Professor J. R. Helliwell BA (Physics, York), DPhil (Molecular Biophysics, Oxford), DSc (Physics, York), FInstP, FRSc, FIBiol. John Helliwell worked at Daresbury Laboratory's Synchrotron Radiation Source (SRS) from 1979 to 1993, whilst also a Joint Appointee with the Universities of Keele, York and Manchester, and as a scientific civil servant, and earlier on the NINA synchrotron. He has served on the ESRF Science Advisory Committee as Vice-Chairman and then Chairman, on the ESRF Machine Advisory Committee, and on the Council of the ESRF; as Chairman of the UK SRS Panel for Protein Crystallography; as Chairman of the Cornell University MACCHESS Advisory Committee; as a Member of the Elettra Sincrotrone Trieste Review Committee; as a Reviewer of the EMBL Outstation in Hamburg; on the Advisory Committee of the Georgia SER-CAT and a consultant to the Industrial Macromolecular Crystallography Association's CAT, both at APS. He was the founding Chairman of the International Union of Crystallography's Commission on Synchrotron Radiation.

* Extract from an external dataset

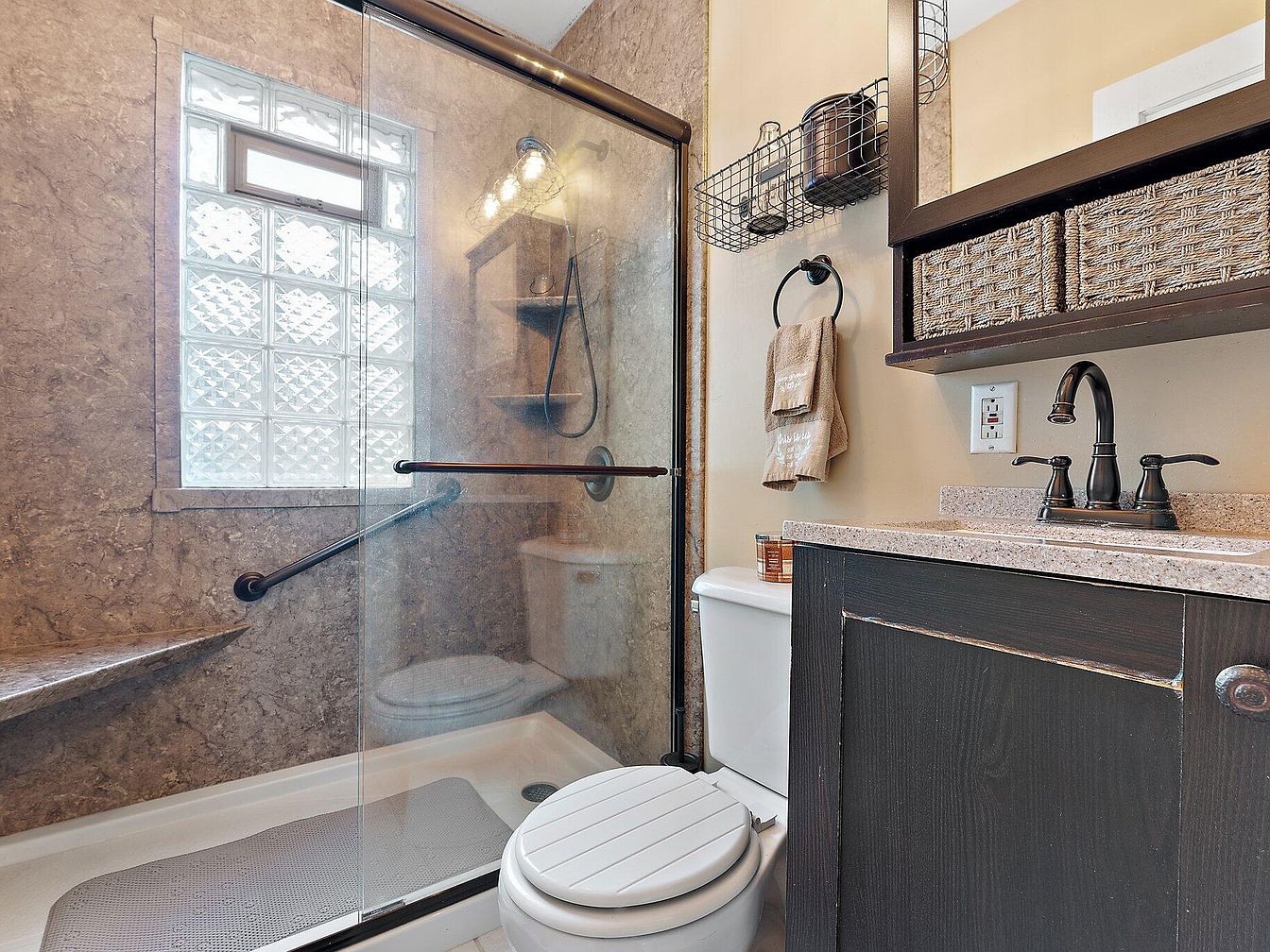 This bathroom features a compact yet functional design with a focus on neutral, earthy tones. The walk-in shower is enclosed by clear glass sliding doors, showcasing a textured stone wall and a built-in bench. A glass block window allows ample natural light to filter in while maintaining privacy. The dark wood vanity contrasts with the lighter countertop and walls, adding depth to the space. Above the sink, a mirror with built-in wicker basket storage provides both style and practicality. Matte black fixtures, including the faucet, towel ring, and shelving, complement the overall warm, rustic aesthetic.

He is Professor of Structural Chemistry of the University of Manchester, a founding Editor of the Journal of Synchrotron Radiation, an Editor of the OUP Book Series on SR and Editor-in-Chief of Acta Crystallographica.

First Recipient of the 'Professor K Banerjee Endowment Lecture Silver Medal' of the Indian Association for the Cultivation of Science (IACS) awarded in September 2000


Frank Allen was born in Reading, UK, and is a graduate of Imperial College London. Following postdoctoral work at the University of British Columbia, Vancouver, he joined the embryo CCDC in 1970, becoming Deputy Director in 1991 and Scientific Director in 1997. His research interests are in database design, search and retrieval, and in applications of crystallographic information in structural chemistry. He is the current Editor of Acta Crystallographica Section B, Vice-President of the British Crystallographic Association and a Council Member of the European Crystallographic Association. He received the UK Royal Society of Chemistry Award for Structural Chemistry in 1994. He has interests in education, travel and sport (now at the observational level only!).